#### STUDY MATERIAL:
BEGIN

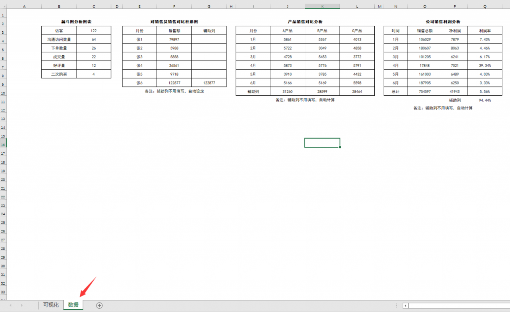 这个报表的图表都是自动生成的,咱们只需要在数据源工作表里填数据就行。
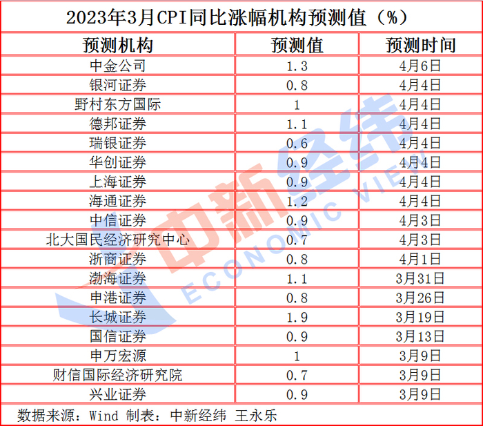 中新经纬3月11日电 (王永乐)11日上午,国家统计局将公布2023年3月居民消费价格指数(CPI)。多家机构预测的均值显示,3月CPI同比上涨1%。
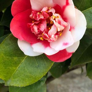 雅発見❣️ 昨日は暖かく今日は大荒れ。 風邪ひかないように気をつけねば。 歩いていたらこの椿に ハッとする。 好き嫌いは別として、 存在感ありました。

END
BEGIN

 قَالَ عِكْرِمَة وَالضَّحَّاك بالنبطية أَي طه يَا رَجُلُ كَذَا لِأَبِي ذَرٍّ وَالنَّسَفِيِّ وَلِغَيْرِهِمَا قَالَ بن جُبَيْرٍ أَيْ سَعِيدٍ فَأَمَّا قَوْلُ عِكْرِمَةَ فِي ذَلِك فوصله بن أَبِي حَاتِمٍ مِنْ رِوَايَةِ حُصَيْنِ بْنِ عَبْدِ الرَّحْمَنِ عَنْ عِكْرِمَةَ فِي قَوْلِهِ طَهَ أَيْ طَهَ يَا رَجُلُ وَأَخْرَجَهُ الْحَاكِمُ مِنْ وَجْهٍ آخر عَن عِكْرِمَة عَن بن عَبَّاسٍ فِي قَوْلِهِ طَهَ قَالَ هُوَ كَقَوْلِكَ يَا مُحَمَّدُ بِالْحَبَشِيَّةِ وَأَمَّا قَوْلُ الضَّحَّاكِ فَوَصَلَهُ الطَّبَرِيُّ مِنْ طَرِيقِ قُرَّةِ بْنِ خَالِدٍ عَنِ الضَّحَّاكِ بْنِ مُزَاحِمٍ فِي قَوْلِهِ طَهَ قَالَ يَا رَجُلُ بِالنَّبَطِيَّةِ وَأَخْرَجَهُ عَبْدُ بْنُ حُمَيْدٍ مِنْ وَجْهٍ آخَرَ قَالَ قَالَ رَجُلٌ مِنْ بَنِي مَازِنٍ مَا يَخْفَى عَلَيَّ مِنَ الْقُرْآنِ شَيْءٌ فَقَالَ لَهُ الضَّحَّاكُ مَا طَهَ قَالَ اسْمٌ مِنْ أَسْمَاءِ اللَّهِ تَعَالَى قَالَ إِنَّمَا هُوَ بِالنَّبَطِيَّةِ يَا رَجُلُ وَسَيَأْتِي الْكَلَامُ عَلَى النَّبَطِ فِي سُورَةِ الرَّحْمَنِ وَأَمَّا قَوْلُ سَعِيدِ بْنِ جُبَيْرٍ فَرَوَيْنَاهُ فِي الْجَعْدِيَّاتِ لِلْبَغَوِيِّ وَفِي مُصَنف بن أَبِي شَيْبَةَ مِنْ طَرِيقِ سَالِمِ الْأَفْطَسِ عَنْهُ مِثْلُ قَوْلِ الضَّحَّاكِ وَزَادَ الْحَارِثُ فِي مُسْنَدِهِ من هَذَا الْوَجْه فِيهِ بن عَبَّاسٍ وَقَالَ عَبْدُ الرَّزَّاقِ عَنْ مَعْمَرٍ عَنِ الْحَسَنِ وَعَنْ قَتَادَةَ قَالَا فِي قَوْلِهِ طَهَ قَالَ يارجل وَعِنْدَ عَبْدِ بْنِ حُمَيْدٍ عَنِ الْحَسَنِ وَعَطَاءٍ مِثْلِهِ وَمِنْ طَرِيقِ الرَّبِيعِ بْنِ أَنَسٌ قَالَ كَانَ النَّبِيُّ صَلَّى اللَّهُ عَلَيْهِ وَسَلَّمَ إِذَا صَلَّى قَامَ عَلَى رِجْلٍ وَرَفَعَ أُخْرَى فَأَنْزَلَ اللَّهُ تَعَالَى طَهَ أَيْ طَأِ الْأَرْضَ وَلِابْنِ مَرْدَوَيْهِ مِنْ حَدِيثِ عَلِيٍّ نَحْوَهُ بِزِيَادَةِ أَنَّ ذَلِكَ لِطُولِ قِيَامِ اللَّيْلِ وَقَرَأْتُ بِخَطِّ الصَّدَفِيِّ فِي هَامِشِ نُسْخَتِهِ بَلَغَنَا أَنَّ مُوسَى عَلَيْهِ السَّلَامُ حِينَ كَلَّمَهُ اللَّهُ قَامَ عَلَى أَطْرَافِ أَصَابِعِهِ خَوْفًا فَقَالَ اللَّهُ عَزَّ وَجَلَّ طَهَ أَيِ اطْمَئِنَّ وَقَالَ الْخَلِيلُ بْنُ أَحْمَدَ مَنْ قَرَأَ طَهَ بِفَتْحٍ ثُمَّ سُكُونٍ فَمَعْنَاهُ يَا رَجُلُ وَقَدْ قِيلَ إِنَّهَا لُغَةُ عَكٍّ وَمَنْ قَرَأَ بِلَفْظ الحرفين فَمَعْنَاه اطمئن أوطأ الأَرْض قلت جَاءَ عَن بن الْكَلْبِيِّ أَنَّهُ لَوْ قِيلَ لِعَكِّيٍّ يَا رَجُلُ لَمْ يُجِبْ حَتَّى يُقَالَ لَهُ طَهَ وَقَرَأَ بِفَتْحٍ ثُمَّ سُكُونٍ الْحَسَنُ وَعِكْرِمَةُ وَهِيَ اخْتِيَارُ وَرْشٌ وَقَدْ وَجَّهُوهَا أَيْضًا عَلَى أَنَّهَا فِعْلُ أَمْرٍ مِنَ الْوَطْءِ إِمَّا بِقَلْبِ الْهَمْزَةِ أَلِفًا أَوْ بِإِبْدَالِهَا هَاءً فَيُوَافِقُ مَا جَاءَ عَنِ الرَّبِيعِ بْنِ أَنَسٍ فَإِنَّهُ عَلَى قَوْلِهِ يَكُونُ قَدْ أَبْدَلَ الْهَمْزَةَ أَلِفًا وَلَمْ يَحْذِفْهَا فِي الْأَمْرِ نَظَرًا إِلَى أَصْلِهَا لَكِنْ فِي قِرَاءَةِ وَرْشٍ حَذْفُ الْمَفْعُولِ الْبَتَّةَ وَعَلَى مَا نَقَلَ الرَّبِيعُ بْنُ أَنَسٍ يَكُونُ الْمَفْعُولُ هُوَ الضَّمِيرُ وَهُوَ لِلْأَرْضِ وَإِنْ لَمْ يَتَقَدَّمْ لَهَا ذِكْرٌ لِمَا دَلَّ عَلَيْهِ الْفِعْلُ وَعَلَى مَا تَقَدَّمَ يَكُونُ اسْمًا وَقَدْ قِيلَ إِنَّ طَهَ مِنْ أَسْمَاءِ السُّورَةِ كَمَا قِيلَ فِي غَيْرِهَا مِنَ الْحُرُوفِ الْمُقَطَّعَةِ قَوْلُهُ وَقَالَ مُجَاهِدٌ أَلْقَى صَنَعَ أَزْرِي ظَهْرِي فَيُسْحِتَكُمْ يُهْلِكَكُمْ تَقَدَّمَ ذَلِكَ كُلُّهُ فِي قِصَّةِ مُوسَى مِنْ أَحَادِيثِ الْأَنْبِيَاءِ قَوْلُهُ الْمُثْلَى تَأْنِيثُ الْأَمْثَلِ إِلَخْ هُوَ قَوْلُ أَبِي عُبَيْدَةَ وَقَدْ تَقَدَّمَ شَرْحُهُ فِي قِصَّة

END

#### WORK ITEM:
In the data above, retype only the stretch from the line with "这个报表的图表都是自动生成的,咱们只需要在数据源工作表里填数据就行。" through the line with "雅発見❣️ 昨日は暖かく今日は大荒れ。 風邪ひかないように気をつけねば。", word for word, and skip any pictures.

#### ANSWER TO THIS TASK:
 这个报表的图表都是自动生成的,咱们只需要在数据源工作表里填数据就行。
 中新经纬3月11日电 (王永乐)11日上午,国家统计局将公布2023年3月居民消费价格指数(CPI)。多家机构预测的均值显示,3月CPI同比上涨1%。
 雅発見❣️ 昨日は暖かく今日は大荒れ。 風邪ひかないように気をつけねば。 歩いていたらこの椿に ハッとする。 好き嫌いは別として、 存在感ありました。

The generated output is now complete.